Mycobacterium tuberculosis (M.tb) manipulates host ferroptosis, a novel form of programmed cell death, to enhance its pathogenicity. However, the precise molecular mechanisms remain poorly be understood. A key feature of M.tb evolution is the set of eukaryotic-like secreted proteins that can modulate host immunological system. This study aimed to identify such proteins involved in host ferroptosis and their regulatory mechanisms. Our results showed that Rv2521, one of the secreted proteins, significantly promotes ferroptosis by modulating glutathione peroxidase 4 (GPX4) expression in M.tb-infected macrophages. Rv2521 downregulates GPX4 by binding to NF-κB, inhibiting NF-κB/p65 phosphorylation, thereby blocking the activation of NF-κB signaling pathway and reducing NF-κB/p65 occupancy at the GPX4 promoter. Importantly, these regulatory effects can be reversed using ferroptosis or NF-κB inhibitors. Additionally, our results found that Rv2521 directly interacts with NF-κB. Compared to wild-type and complemented strains, the Rv2521 knockout strain exhibited reduced survival and dissemination in macrophages due to the suppression of ferroptosis and the enhanced immune evasion. Collectively, our results identify a novel M.tb eukaryotic-like secreted protein involved in ferroptosis and provide new insights into M.tb-host interactions, offering potential host-directed therapy strategies for tuberculosis.

查看原文本刊更多论文

结核分枝杆菌Rv2521通过抑制NF-κB的活化促进嗜铁依赖性致病性。

结核分枝杆菌（M.tb）操纵宿主铁死亡，一种新的程序性细胞坏死形式，以提高其致病性。然而，精确的分子机制仍然知之甚少。结核分枝杆菌进化的一个关键特征是一组可以调节宿主免疫系统的真核样分泌蛋白。本研究旨在鉴定参与宿主铁下垂的蛋白及其调控机制。我们的研究结果表明，其中一种分泌蛋白Rv2521通过调节m.tb感染巨噬细胞的谷胱甘肽过氧化物酶4 （GPX4）的表达，显著促进铁死亡。Rv2521通过结合NF-κB下调GPX4，抑制NF-κB/p65磷酸化，从而阻断NF-κB信号通路激活，减少NF-κB/p65在GPX4启动子上的占用。重要的是，这些调节作用可以使用铁下垂或NF-κB抑制剂逆转。此外，我们的研究结果发现Rv2521直接与NF-κB相互作用。与野生型和补充型菌株相比，Rv2521敲除菌株由于抑制铁凋亡和增强免疫逃避，在巨噬细胞中存活和传播降低。总之，我们的研究结果确定了一种新的结核分枝杆菌真核样分泌蛋白参与铁死亡，并为结核分枝杆菌-宿主相互作用提供了新的见解，为结核病提供了潜在的宿主导向治疗策略。

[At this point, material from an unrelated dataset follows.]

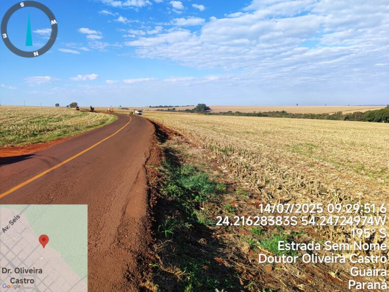O Município de Guaíra, por meio da Diretoria de Estradas de Rodagem da SEMAIM – Secretaria Municipal de Agropecuária, Infraestrutura e Meio Ambiente , executa uma obra de melhoria na curva próxima ao Capivari dos Sanches, na rodovia que liga a sede do Município ao Distrito de Dr. Oliveira Castro.
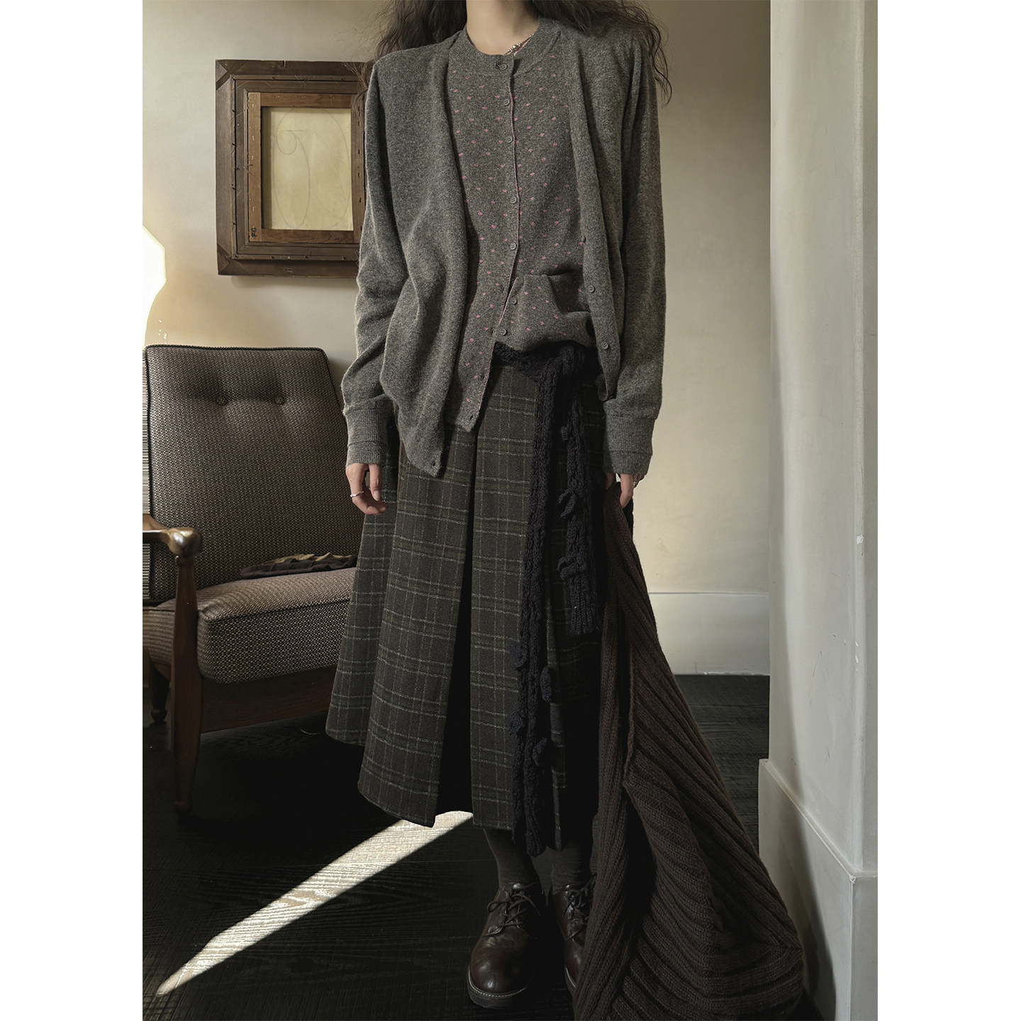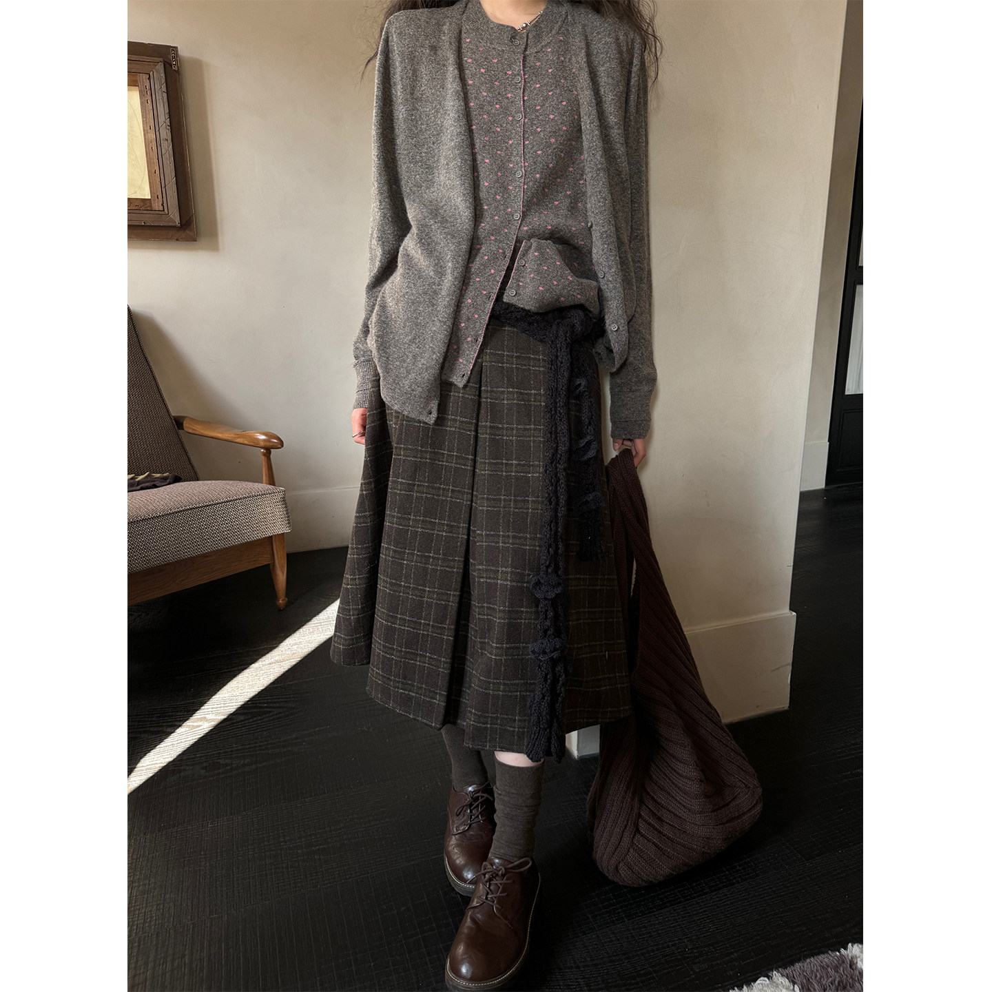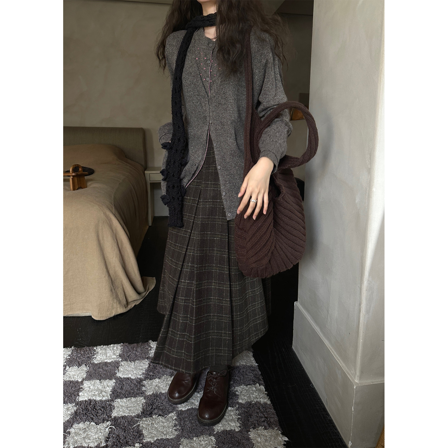 JMWOMEN棕绿格纹毛呢百褶半身裙女冬季加厚宽松复古a字中长款裙子

本文章由计算机程序翻译，如有差异，请以英文原文为准。

求助全文

约1分钟内获得全文求助全文

来源期刊

International Journal of Biological Macromolecules 生物-生化与分子生物学

CiteScore

13.70

自引率

9.80%

发文量

2728

审稿时长

64 days

期刊介绍： The International Journal of Biological Macromolecules is a well-established international journal dedicated to research on the chemical and biological aspects of natural macromolecules. Focusing on proteins, macromolecular carbohydrates, glycoproteins, proteoglycans, lignins, biological poly-acids, and nucleic acids, the journal presents the latest findings in molecular structure, properties, biological activities, interactions, modifications, and functional properties. Papers must offer new and novel insights, encompassing related model systems, structural conformational studies, theoretical developments, and analytical techniques. Each paper is required to primarily focus on at least one named biological macromolecule, reflected in the title, abstract, and text.